A Drosophila Model for Clostridium difficile Toxin CDT Reveals Interactions with Multiple Effector Pathways.

Clostridium difficile infections (CDIs) cause severe and occasionally life-threatening diarrhea. Hyper-virulent strains produce CDT, a toxin that ADP-ribosylates actin monomers and inhibits actin polymerization. We created transgenic Drosophila lines expressing the catalytic subunit CDTa to investigate its interaction with host signaling pathways in vivo.

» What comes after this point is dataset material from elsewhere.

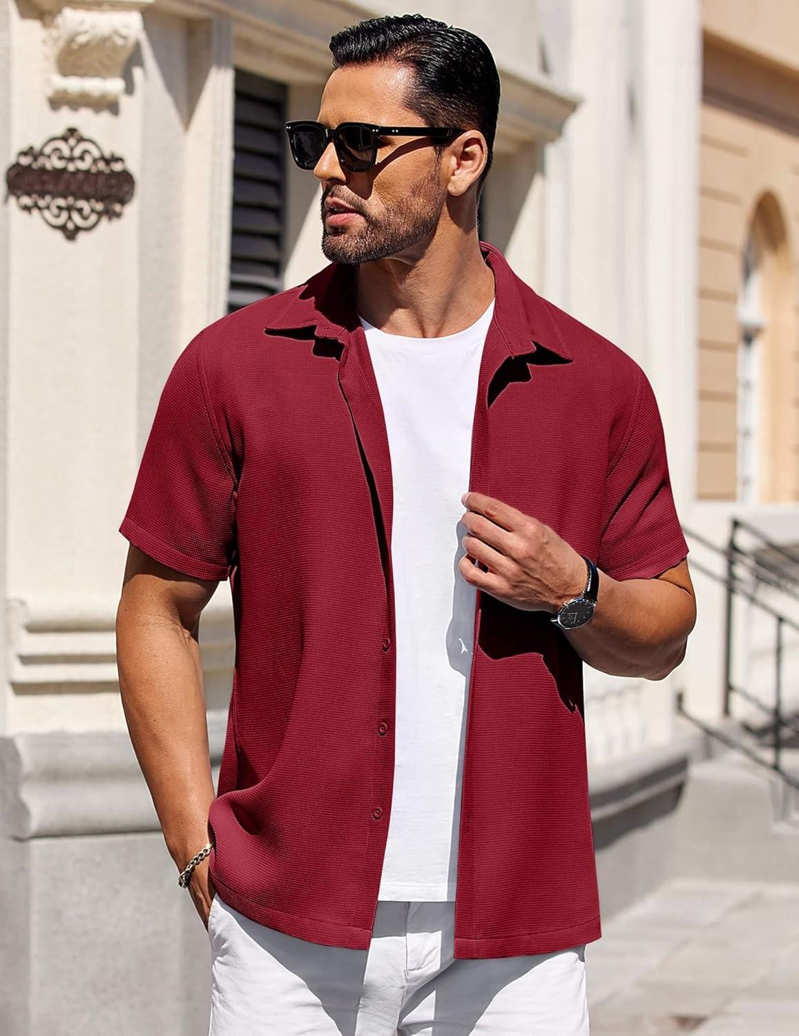 Get the COOFANDY Mens Short Sleeve Button Down Shirts Waffle Shirt Casual Beach Summer Shirts Wrinkle Free Vacation Shirts(Wine Red) you’ve been eyeing at a discounted price during our seasonal sale event.

When expressed in the midgut, CDTa reduces body weight and fecal output and compromises survival, suggesting severe impairment of digestive functions. At the cellular level, CDTa induces F-actin network collapse, elimination of the intestinal brush border, and disruption of intercellular junctions. We confirm toxin-dependent re-distribution of Rab11 to enterocytes' apical surface and observe suppression of CDTa phenotypes by a Dominant-Negative form of Rab11 or RNAi of the dedicated Rab11GEF Crag (DENND4). We also report that Calmodulin (Cam) is required to mediate CDTa activity. In parallel, chemical inhibition of the Cam/Calcineurin pathway by Cyclosporin A or FK506 also reduces CDTa phenotypes, potentially opening new avenues for treating CDIs.